KServe API Clients

Python Client

Python

When creating a Python-based client application, you can use Triton client library - tritonclient.

Install the Package

pip3 install tritonclient[all]

Request Health Endpoints

import tritonclient.grpc as grpcclient

client = grpcclient.InferenceServerClient("localhost:9000")

# Check server liveness
server_live = client.is_server_live()

# Check server readiness
server_ready = client.is_server_ready()

# Check model readiness
model_ready = client.is_model_ready("model_name")

Request Server Metadata

import tritonclient.grpc as grpcclient

client = grpcclient.InferenceServerClient("localhost:9000")
server_metadata = client.get_server_metadata()

Request Model Metadata

import tritonclient.grpc as grpcclient

client = grpcclient.InferenceServerClient("localhost:9000")
model_metadata = client.get_model_metadata("model_name")

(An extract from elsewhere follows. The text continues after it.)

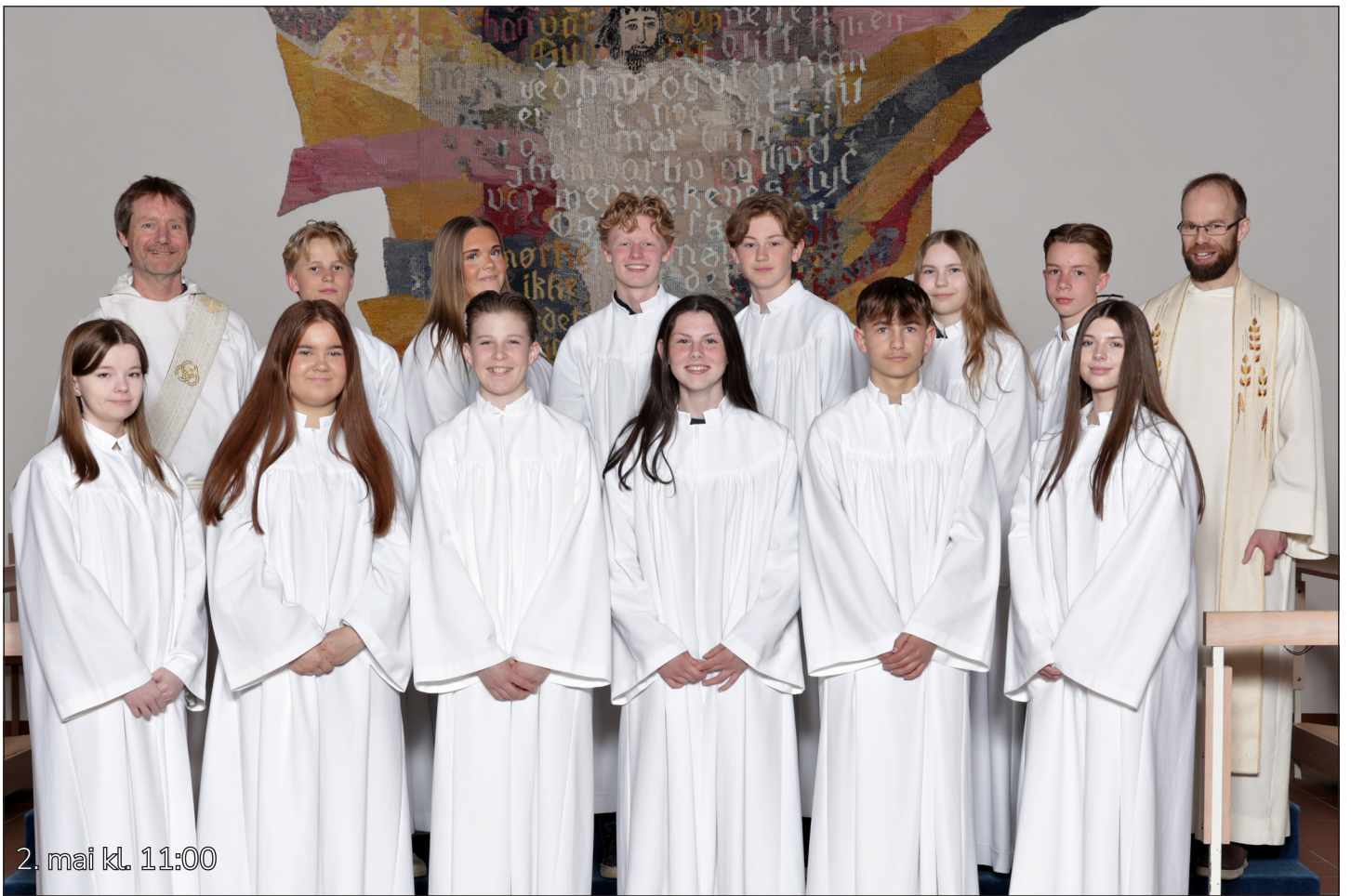
2. mai kl. 11:00

Request Prediction on a Numpy Array

import numpy as np
import tritonclient.grpc as grpcclient

client = grpcclient.InferenceServerClient("localhost:9000")
data = np.array([1.0, 2.0, ..., 1000.0])
infer_input = grpcclient.InferInput("input_name", data.shape, "FP32")
infer_input.set_data_from_numpy(data)
results = client.infer("model_name", [infer_input])

For complete usage examples see Kserve samples.

C++ Client

Creating a client application in C++ follows the same principles as Python. When creating a C++-based client application, you can use Triton client library - tritonclient.

See our C++ samples to learn how to build a sample C++ client application.